__Exercise description__
Starting with the line below that holds "48... Visa hela" and stopping after the line that holds "This tumbler is", transcribe the lines exactly, leaving out all pictures.

__Data to use__
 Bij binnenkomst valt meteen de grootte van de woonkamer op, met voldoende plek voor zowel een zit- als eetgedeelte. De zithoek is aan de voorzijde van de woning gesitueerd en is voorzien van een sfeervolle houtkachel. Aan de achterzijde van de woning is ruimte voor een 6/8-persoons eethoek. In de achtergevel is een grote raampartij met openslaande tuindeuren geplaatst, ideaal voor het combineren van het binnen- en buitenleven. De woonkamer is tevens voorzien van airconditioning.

==

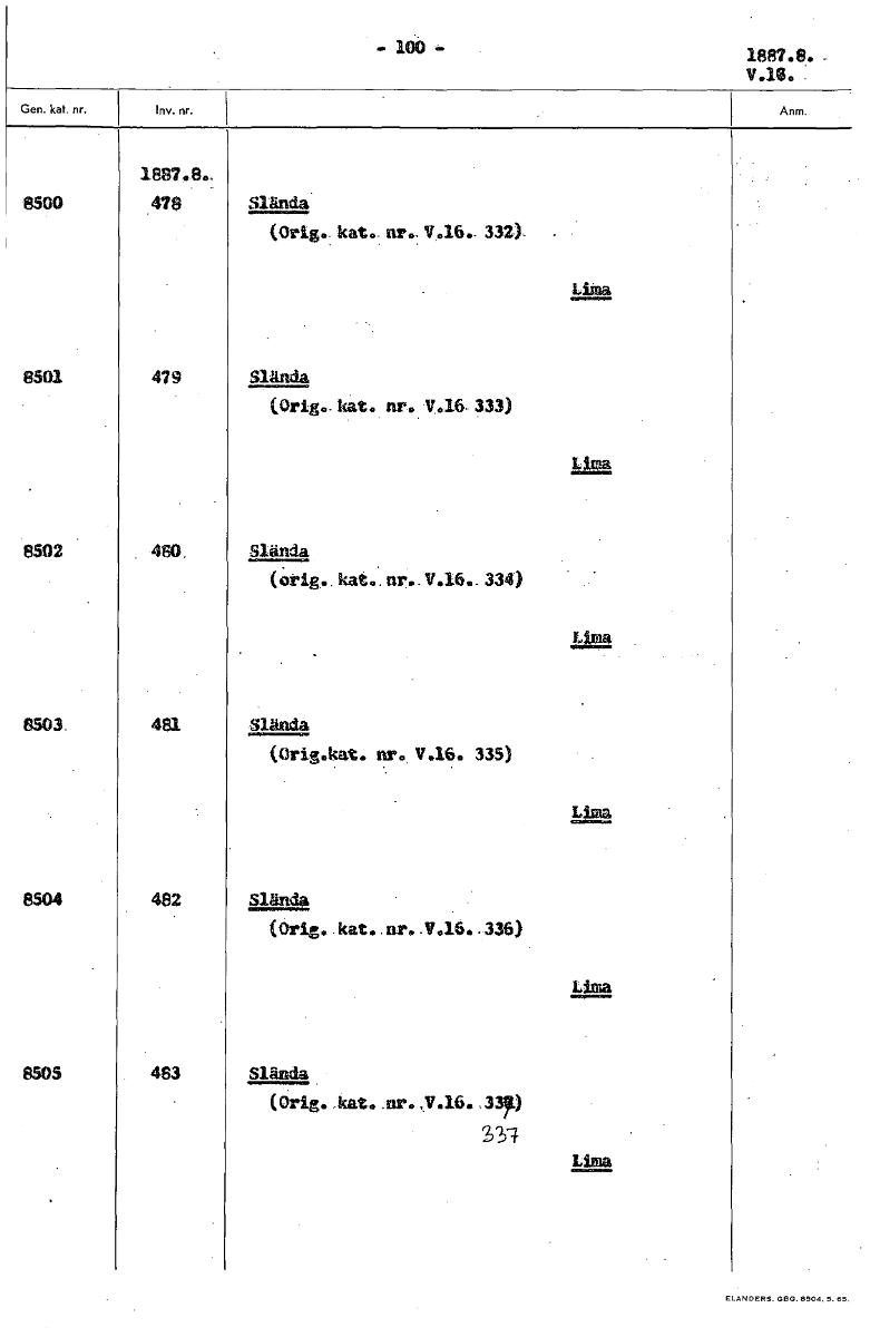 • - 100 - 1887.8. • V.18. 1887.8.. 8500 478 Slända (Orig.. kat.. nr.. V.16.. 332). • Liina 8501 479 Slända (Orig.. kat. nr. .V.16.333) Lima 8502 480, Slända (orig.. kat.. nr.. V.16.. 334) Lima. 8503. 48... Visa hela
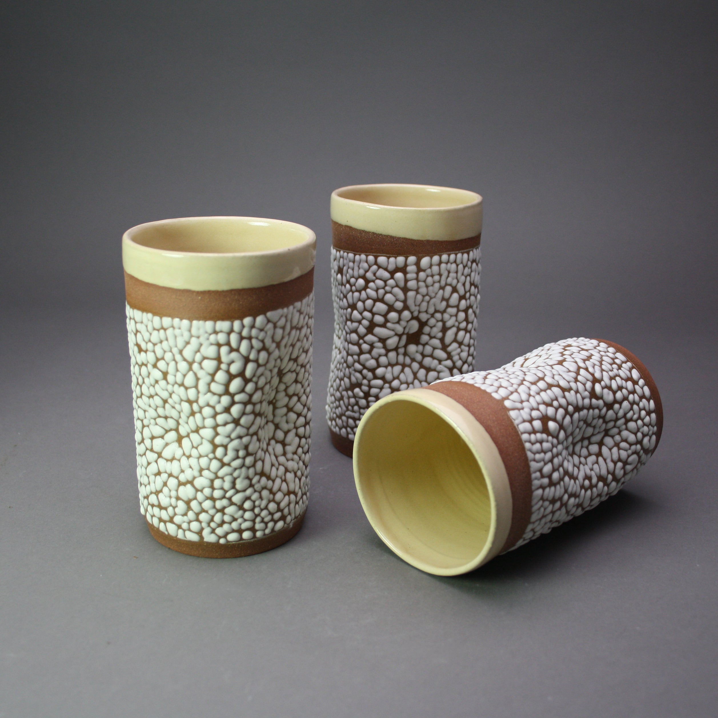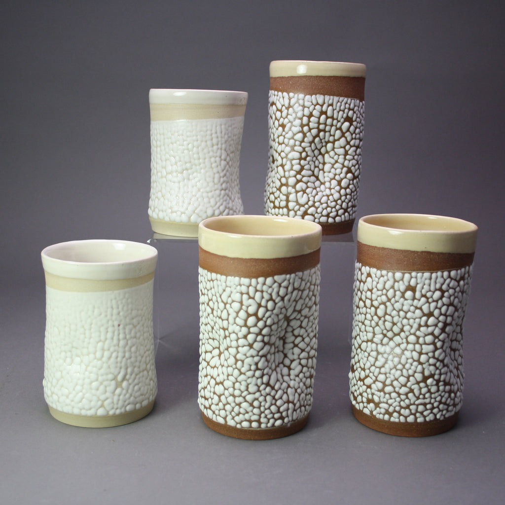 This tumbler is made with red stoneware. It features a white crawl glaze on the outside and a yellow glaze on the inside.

__Your response__
 • - 100 - 1887.8. • V.18. 1887.8.. 8500 478 Slända (Orig.. kat.. nr.. V.16.. 332). • Liina 8501 479 Slända (Orig.. kat. nr. .V.16.333) Lima 8502 480, Slända (orig.. kat.. nr.. V.16.. 334) Lima. 8503. 48... Visa hela
 This tumbler is made with red stoneware. It features a white crawl glaze on the outside and a yellow glaze on the inside.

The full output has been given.